# Maharashtra Board Class 9 Maths Solutions Chapter 5 Quadrilaterals Practice Set 5.4

## Maharashtra State Board Class 9 Maths Solutions Chapter 5 Quadrilaterals Practice Set 5.4

Question 1.
In □IJKL, side IJ || side KL, ∠I = 108° and ∠K = 53°, then find the measures of ∠J and ∠L.
Solution: i. ∠I = 108° [Given]
side IJ || side KL and side IL is their transveral. [Given]
∴ ∠I + ∠L = 180° [Interior angles]
∴ 108° + ∠L = 180°
∴ ∠L = 180° – 108° = 72°

ii. ∠K = 53° [Given]
side IJ || side KL and side JK is their transveral. [Given]
∴ ∠J + ∠K = 180° [Interior angles]
∴ ∠J + 53° = 180°
∴ ∠J= 180°- 53° = 127°
∴ ∠L = 72°, ∠J = 127°

Question 2.
In □ABCD, side BC || side AD, side AB ≅ side DC. If ∠A = 72°, then find the measures of ∠B and ∠D.
Construction: Draw seg BP ⊥ side AD, A – P – D, seg CQ ⊥ side AD, A – Q – D.
Solution: i. ∠A = 72° [Given]
In □ABCD, side BC || side AD and side AB is their transversal. [Given]
∴ ∠A + ∠B = 180° [Interior angles]
∴ 72° +∠B = 180°
∴ ∠B = 180° – 72° = 108°

ii.

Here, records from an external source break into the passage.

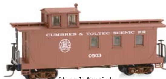
Caboose w/ Two Window Cupola Cumbres & Toltec Scenic • Rd# 0503 Item #816 00 020...$23.60
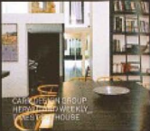
CARR GROUP HEDGECOCK WIRELY YES HOUSE
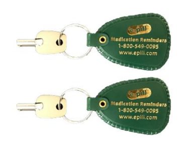
Keys (2) Item 991022
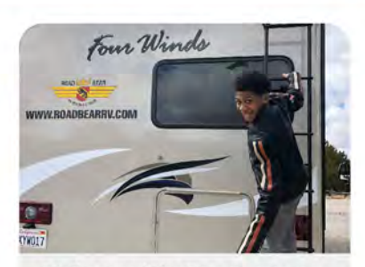
RVing with Teenagers
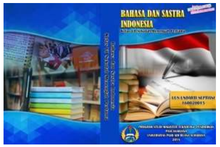
Figure 4. Main cover

are free to find various Thev information as they wish. In adolescence, there is a growing critical thinking, defending arguments according to the way of thinking that is reality, and being responsible based on the experiences they have (Desmita 2016: 108). They are free to find various information as they wish. In adolescence, there is a growing critical thinking, defending arguments according to the way of thinking that is reality, and being responsible based on the experiences they have (Desmita 2016: 108). They are free to find various information as they wish. In adolescence, there is a growing critical thinking, defending arguments according to the way of thinking that is reality, and being responsible based on the experiences they have (Desmita 2016: 108). They are free to find various information as they wish. In adolescence, there is a growing critical thinking, defending arguments according to the way of thinking that is reality, and being responsible based on the experiences they have (Desmita 2016: 108).
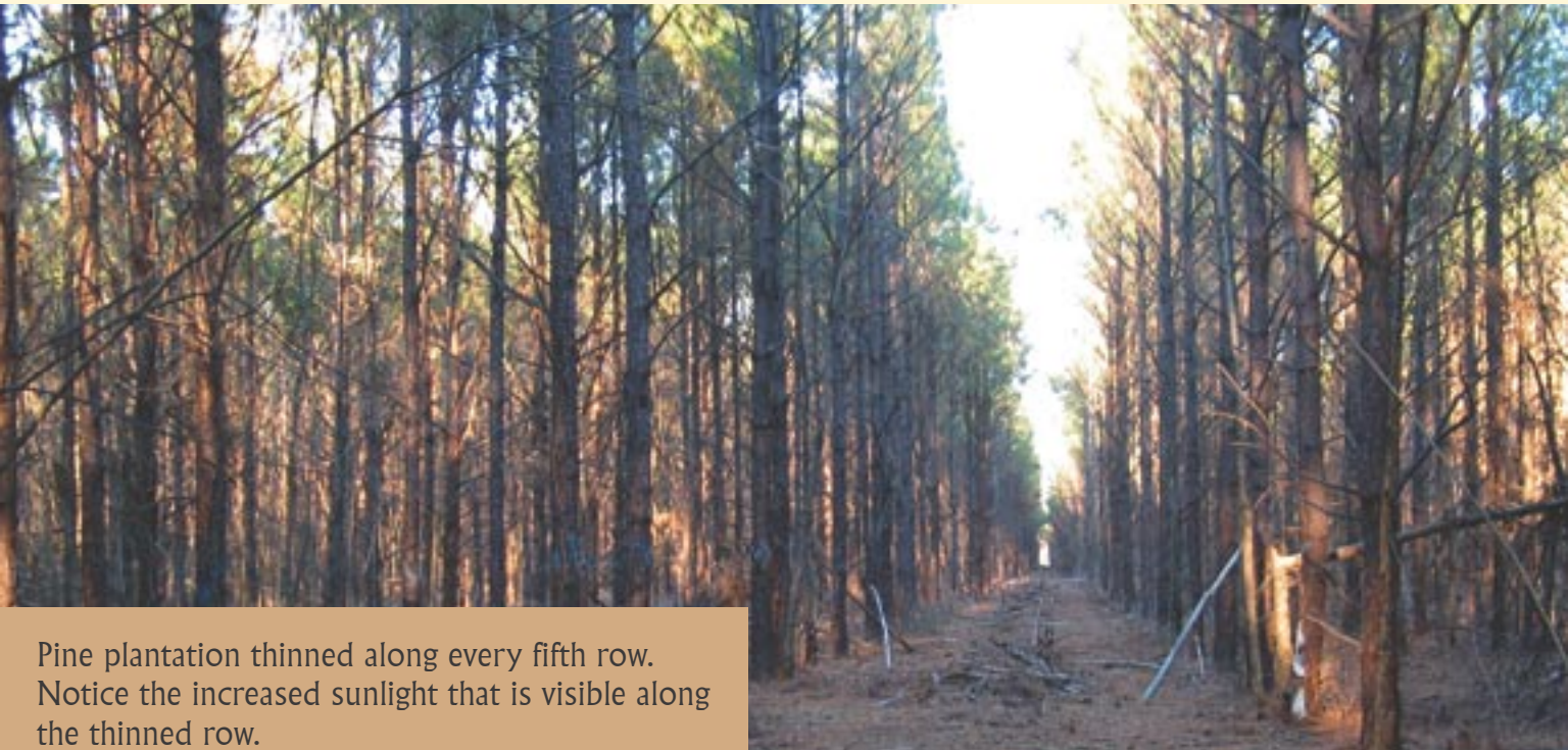
Pine plantation thinned along every fifth row. Notice the increased sunlight that is visible along the thinned row.

timber production, a basal area as low as 30 ft 2 /acre will produce optimal habitat. It may be desirable to thin less heavily during the first thinning, as trees may be more vulnerable to ice or wind damage. Subsequent thins can then be used to reduce basal area to 60 ft 2 /acre or less. Periodic thins will be necessary to maintain lower basal areas as trees continue to grow after each thinning. Individual landowner objectives will vary, so consultation with a registered forester and a wildlife biologist can help you find the best balance that meets both your wildlife and timber objectives.
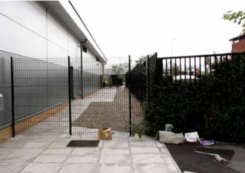
Fence at the back of Aldi cutting off a footpath between the shop and Magistrates Court Fence
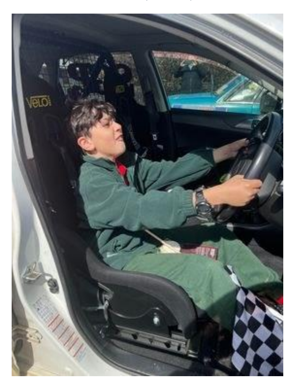
27 - Kidney Kar Rally
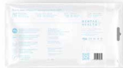
4 PLY SURGICAL FACE MASK (ADULT)

In ∆BPA and ∆CQD,
∠BPA ≅ ∠CQD [Each angle is of measure 90°]
Hypotenuse AB ≅ Hypotenuse DC [Given]
seg BP ≅ seg CQ [Perpendicular distance between two parallel lines]
∴ ∆BPA ≅ ∆CQD [Hypotenuse side test]
∴ ∠BAP ≅ ∠CDQ [c. a. c. t.]
∴ ∠A = ∠D
∴ ∠D = 72°
∴ ∠B = 108°, ∠D = 72°

Question 3.
In □ABCD, side BC < side AD, side BC || side AD and if side BA ≅ side CD, then prove that ∠ABC = ∠DCB. Given: side BC < side AD, side BC || side AD, side BA = side CD
To prove: ∠ABC ≅ ∠DCB
Construction: Draw seg BP ⊥ side AD, A – P – D
seg CQ ⊥ side AD, A – Q – D
Solution:
Proof:
In ∆BPA and ∆CQD,
∠BPA ≅ ∠CQB [Each angle is of measure 90°]
Hypotenuse BA ≅ Hypotenuse CD [Given]
seg BP ≅ seg CQ [Perpendicular distance between two parallel lines]
∴ ∆BPA ≅ ∆CQD [Hypotenuse side test]
∴ ∠BAP ≅ ∠CDQ [c. a. c. t.]
∴ ∠A = ∠D ….(i)
Now, side BC || side AD and side AB is their transversal. [Given]
∴ ∠A + ∠B = 180°…..(ii) [Interior angles]
Also, side BC || side AD and side CD is their transversal. [Given]
∴ ∠C + ∠D = 180° …..(iii) [Interior angles]
∴ ∠A + ∠B = ∠C + ∠D [From (ii) and (iii)]
∴ ∠A + ∠B = ∠C + ∠A [From (i)]
∴ ∠B = ∠C
∴ ∠ABC ≅ ∠DCB